In [1]:
%matplotlib inline
from ggplot import *

Distributions

ggplot provides 2 main ways to visualize distributions: histograms and density plots. Both are fairly easy to do, but it's not recommended that you use them at the same time. Reason being the scales of each are very different and can create confusion about your data as opposed to being helpful. So before you ask, no, there is not an easy (or at least sanctioned) way to create a histogram that's overlayed with a density plot.

Density Plots

stat_density and geom_density geoms can be applied to ggplot base objects to create density plots. They're actually the exact same thing, it's just a matter of preference as to whether you want to use the stat or geom version. Both use a gaussian kernel density estimator to estimate the probability density function that's used in the plot.


In [2]:
ggplot(diamonds, aes(x='price')) + geom_density()


Out[2]:
<ggplot: (284428701)>

In [3]:
ggplot(diamonds, aes(x='price')) + stat_density()


Out[3]:
<ggplot: (285372009)>

Just as you do can with other geoms, you can add different aesthetics to your plot in order to visualize multi-dimensional data.


In [4]:
ggplot(diamonds, aes(x='price', color='clarity')) + stat_density()


Out[4]:
<ggplot: (285311509)>

Careful, it's easy to get carried away


In [5]:
ggplot(diamonds, aes(x='price', color='clarity', linetype='cut')) + stat_density()


Out[5]:
<ggplot: (285662985)>

Histograms

Histograms are very similar in ggplot.
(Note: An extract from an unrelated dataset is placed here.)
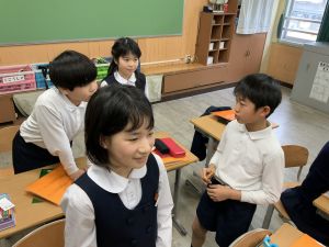 大阪の良いところ・附天小のよいところ・感謝の気持ちをたくさん込めて描いた絵に一言添えます。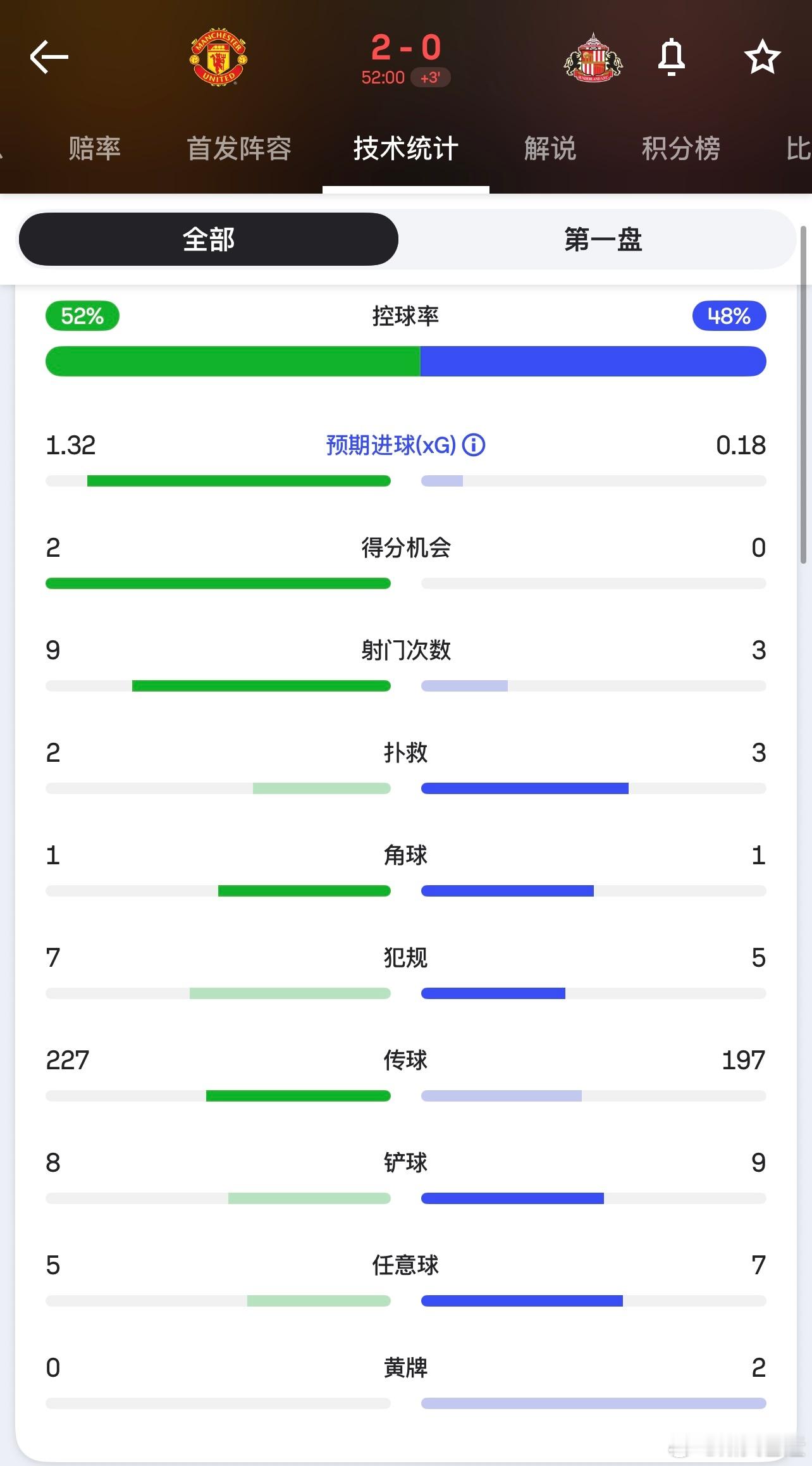 曼联这个半场踢得相当犀利了,基本压制黑猫,鉴于两队过往战绩,今天大概率能拿下。最

Just define a base ggplot that has an x value and you're good to go.


In [6]:
ggplot(diamonds, aes(x='price')) + geom_histogram()


Out[6]:
<ggplot: (290561845)>

Again, just as you do can with other geoms, you can add different aesthetics to your plot in order to visualize multi-dimensional data.


In [7]:
ggplot(diamonds, aes(x='price', fill='clarity')) + geom_histogram()


Out[7]:
<ggplot: (291318073)>

In [ ]: